A measure before the Utah Legislature for statewide consolidation of 911 emergency dispatch centers should not be viewed as an effort to trump the influence of local entities over local affairs. It will make vital public services more effective.
A measure before the Utah Legislature to push for statewide consolidation of 911 emergency dispatch centers should not be viewed as an effort by a higher authority to trump the influence of local entities over local affairs. It should instead be welcomed as an offer to help make a vital public service much more efficient and effective.
Utah House Majority Leader Brad Dee, R-Ogden, has pledged to introduce legislation that would require statewide dispatch centers to be connected in a way that would facilitate seamless intercommunication. His proposal comes after a man died from a heart attack while waiting for up to an hour for emergency responders to arrive. Delays in the response were attributed to confusion over which jurisdiction should handle the call.

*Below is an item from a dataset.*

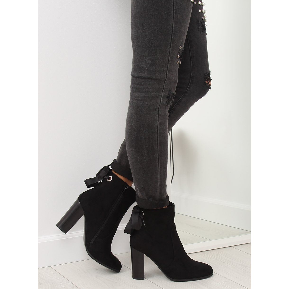 Scopri l'eleganza e la comodità con gli stivaletti neri con tacco alto 1331 Black. Questi eleganti stivali da donna si distinguono per un taglio slim che mette perfettamente in risalto la figura. L'allacciatura decorativa sul retro della tomaia conferisce loro un carattere unico, e il tacco dritto - un blocco alto 9 cm - unisce un look alla moda a una stabilità straordinaria.

The mission of emergency dispatchers is simple: Get the right personnel to the right place as fast as possible. But we have allowed a complicated patchwork of separate dispatch systems — three in Salt Lake County — to operate in separate silos and on different computer platforms which has tended, on thankfully rare occasions, to impede quick response.
Salt Lake County government has tried for years to persuade emergency dispatch entities to get on the same page, but County Mayor Ben McAdams says the effort has been “frustrating” as a result of what has been described as a series of “turf wars.”
It is understandable that local entities wish to protect their turf, but there is clearly a greater good achieved by consolidation, which, by the way, doesn’t necessarily mean local authorities will lose control over basic policies and procedures for responding to emergency calls.
The root of the problem is that dispatch entities, acting on their own, have contracted separately for communications systems and other technical services without assuring that those systems are positioned to effectively communicate with each other. Fixing that won’t be cheap, but the county has set aside $1.4 million to help with the cost.
In addition, Rep. Dee says his forthcoming proposal will include financial incentives or subsidies for cash-strapped rural entities to bring their systems into compliance with a statewide network. The lawmaker envisions a consolidated system that will allow a policeman in Logan to communicate with an officer in St. George on the same platform.
Such a system will result in faster response times and, as a likely result, lives will be saved. That’s reason enough to justify the costs and to relax attitudes about preserving local autonomy.